» Records for this exercise:
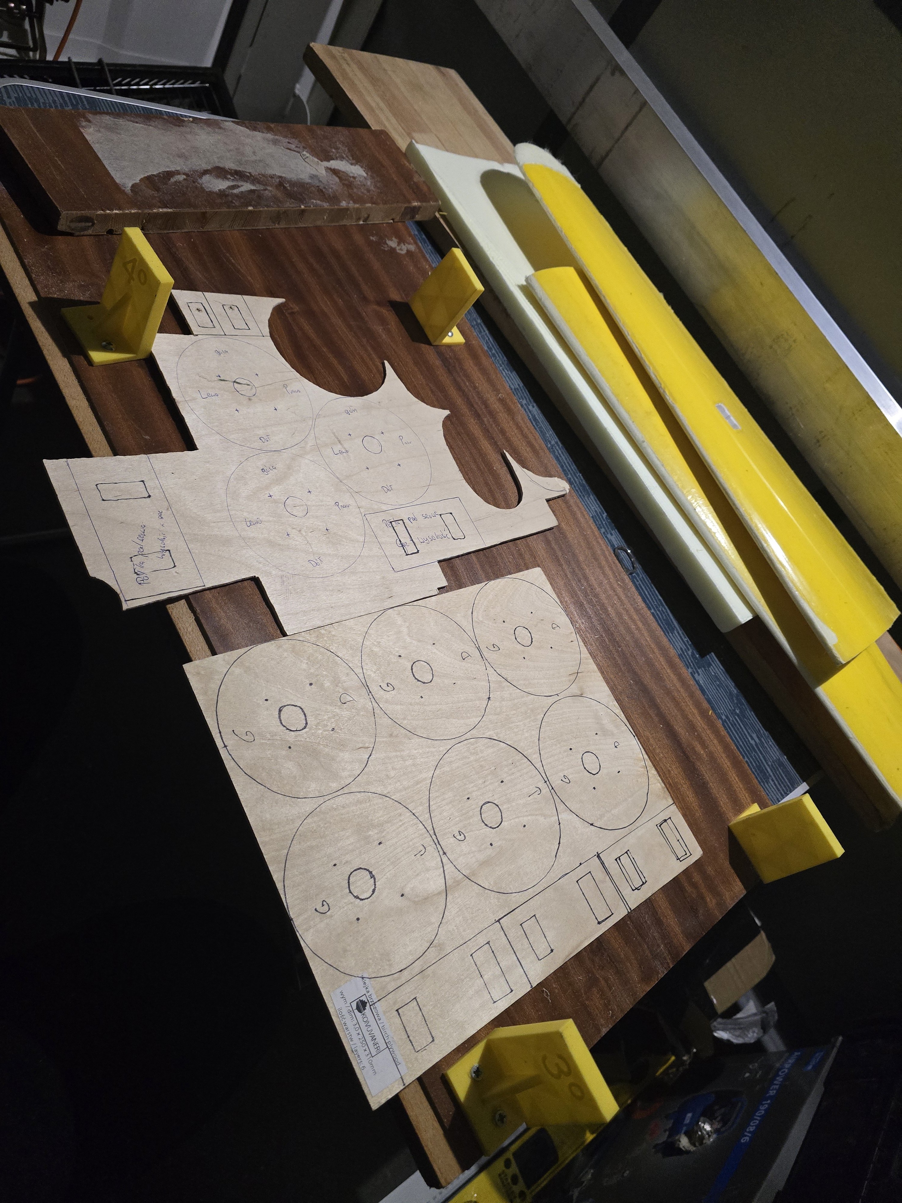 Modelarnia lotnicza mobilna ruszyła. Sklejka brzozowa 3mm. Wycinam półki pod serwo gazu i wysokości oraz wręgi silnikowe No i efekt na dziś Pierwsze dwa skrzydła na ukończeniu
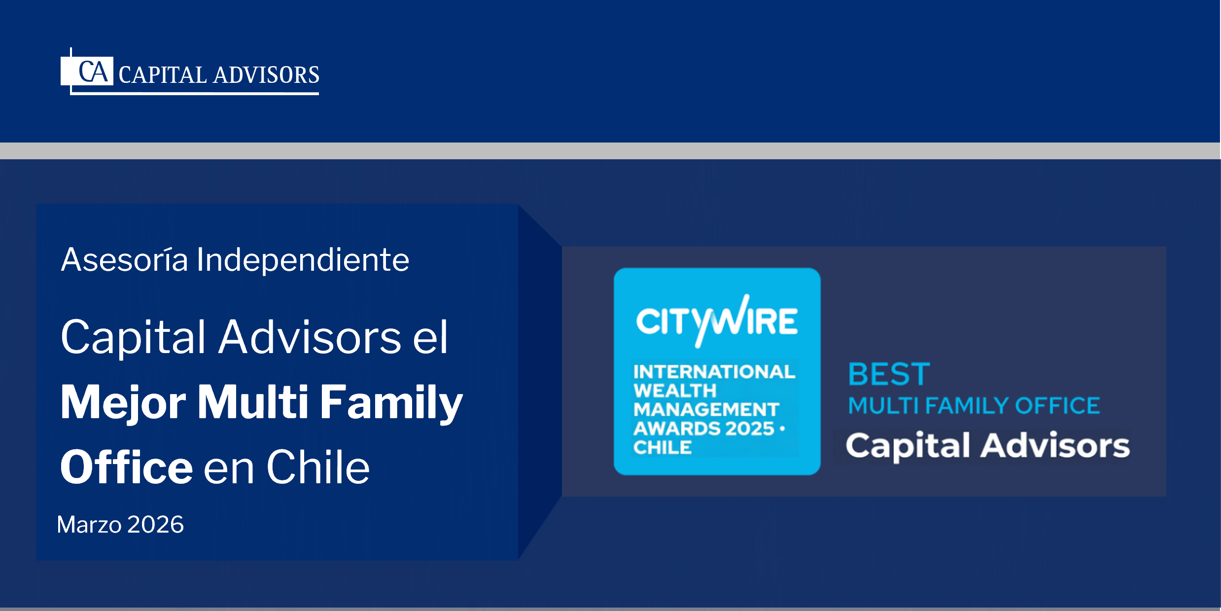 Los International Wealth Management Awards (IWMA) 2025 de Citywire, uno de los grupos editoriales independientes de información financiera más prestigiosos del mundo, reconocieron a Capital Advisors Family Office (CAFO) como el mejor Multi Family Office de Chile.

==

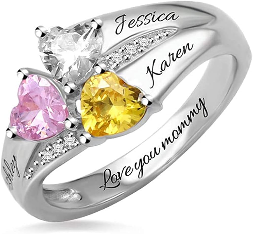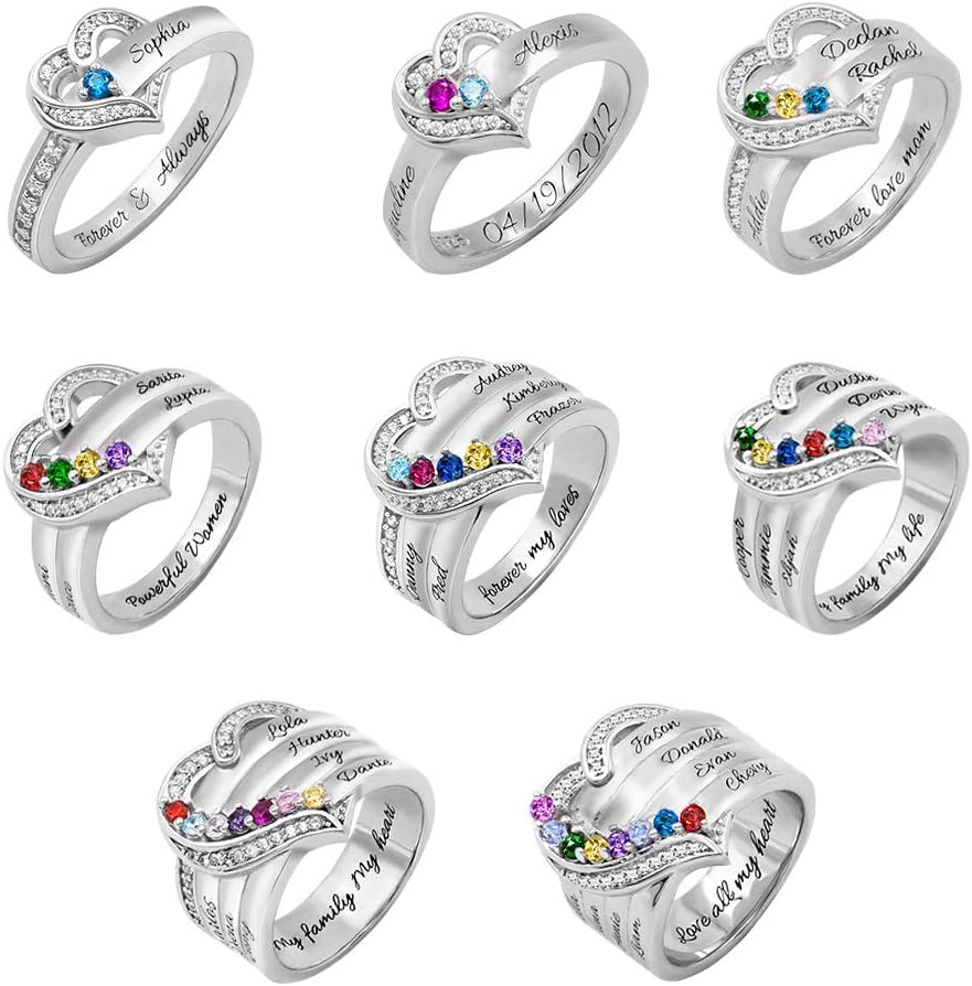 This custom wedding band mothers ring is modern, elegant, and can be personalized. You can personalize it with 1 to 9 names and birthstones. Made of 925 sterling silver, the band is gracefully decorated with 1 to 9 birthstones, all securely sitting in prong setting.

--

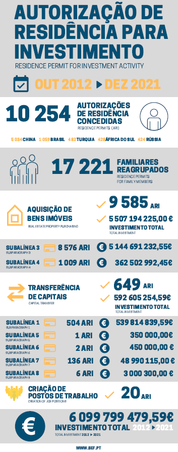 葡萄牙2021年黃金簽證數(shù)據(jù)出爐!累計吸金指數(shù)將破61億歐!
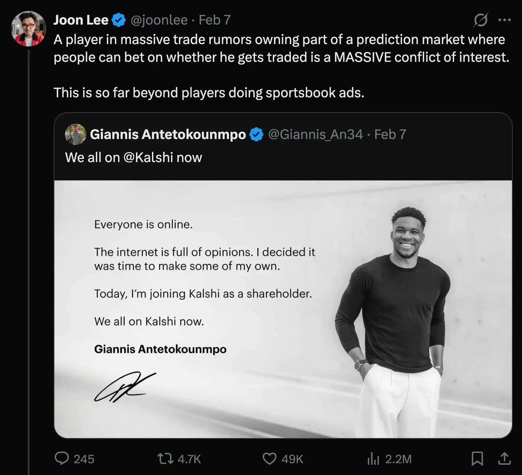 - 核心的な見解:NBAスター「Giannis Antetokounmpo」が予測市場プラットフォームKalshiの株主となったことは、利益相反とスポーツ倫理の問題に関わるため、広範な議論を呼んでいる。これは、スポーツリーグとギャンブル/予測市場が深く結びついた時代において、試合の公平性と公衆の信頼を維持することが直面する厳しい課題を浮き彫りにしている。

» About this exercise: Your answer must be the lines above from the one holding "Modelarnia lotnicza mobilna" up to and including the one holding "Los International Wealth", exact and with no pictures.

» Answer to the exercise:
 Modelarnia lotnicza mobilna ruszyła. Sklejka brzozowa 3mm. Wycinam półki pod serwo gazu i wysokości oraz wręgi silnikowe No i efekt na dziś Pierwsze dwa skrzydła na ukończeniu
 Los International Wealth Management Awards (IWMA) 2025 de Citywire, uno de los grupos editoriales independientes de información financiera más prestigiosos del mundo, reconocieron a Capital Advisors Family Office (CAFO) como el mejor Multi Family Office de Chile.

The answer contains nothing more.